Undoubtedly the trailer is informed by the emerging springtime spectre of the Tribeca Film Festival, which in the space of four years and supported by a gazillion dollars from American Express, now rivals the NYFF’s as the most important film festival in New York City. Tribeca has put itself on the map by doing everything that NYFF doesn’t – it programs over ten times as many films and aggressively promotes itself to all audiences of all demographics. There is also the Toronto fest, which, running two weeks ahead of NYFF, hosts the North American premiere of about half the films on the NYFF program. But NYFF need not worry excessively about these competitors, because it fulfils a unique and worthy niche as the annual harvest of the best films from the international festival circuit. The challenge then is how to market the festival as such, which brings us back to the trailer.

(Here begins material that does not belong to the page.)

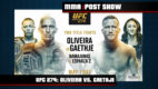 Gaethje began the fight with a series of hard leg kicks, and Oliveira responded with a right hand that wobbled Gaethje. Oliveira followed that up with another right hand that hurt Gaethje, but Gaethje immediately fired back and dropped Oliveira twice in short order. Oliveira seemed to have recovered, but he was bleeding heavily on the left side of his head. This was quickly becoming a wild fight, and Gaethje was really swinging for the fences. Oliveira proceeded to knock Gaethje down with a hard right hand, and Oliveira followed him to the ground, where he took the back of Gaethje. Oliveira quickly locked in a rear-naked choke and Gaethje was forced to tap out.

The trailer recites a litany of directors (mostly white male) that becomes increasingly overloaded and incomprehensible, if only that the onslaught of indistinct names seems to contradict the message of the festival’s exclusivity. Again the problem is that it doesn’t specify what’s so special about all these directors in the first place (other than the tautological fact that they have all had films programmed at the festival). Something about the NYFF congratulating its own unaccounted good taste and trying to pass it off as that of its audience rubs me the wrong way, because it seems to circle the wagons, that this is a festival for elitists who don’t have to account for what they love. This is not the best message to get out at a time when I think cinema culture needs to be fostered and encouraged among more people. This is something that Tribeca and Toronto get right. NYFF may position itself as an elite festival, but it has to do more to sell its own sense of passionate discernment to a broader audience, instead of being content with being a solitary bastion for film snobbery. Otherwise, to paraphrase Groucho Marx, I don’t care to belong to a club that accepts who it thinks I am as members.

Selective Oscar Fodder

Issues of elitism and values happen to be at stake in the NYFF’s opening night selection, Stephen Frears’ The Queen. (1) An account of the British royal family’s response (or lack thereof) to the death of ex-Princess Diana, the film makes for enjoyably light fare, offering the heartening, thoughtful argument that celebrity worship is something that all of us, including the Queen of England, should succumb to lest we be seen as unhip. The monarchy gets a gentle drubbing while the media mania that stirred the mass frenzy of Diana’s mourning is relatively left uncriticised. Frears’ workmanlike directing gives ample room for his pedigreed ensemble to flex their thespian muscles in a characteristically British display of dignified stoicism, and they oblige, with Helen Mirren leading the procession as Elizabeth II. She does a great job showing the gradual shifting of registers in her regard towards her ex-daughter in law’s death as well as the grief of the public.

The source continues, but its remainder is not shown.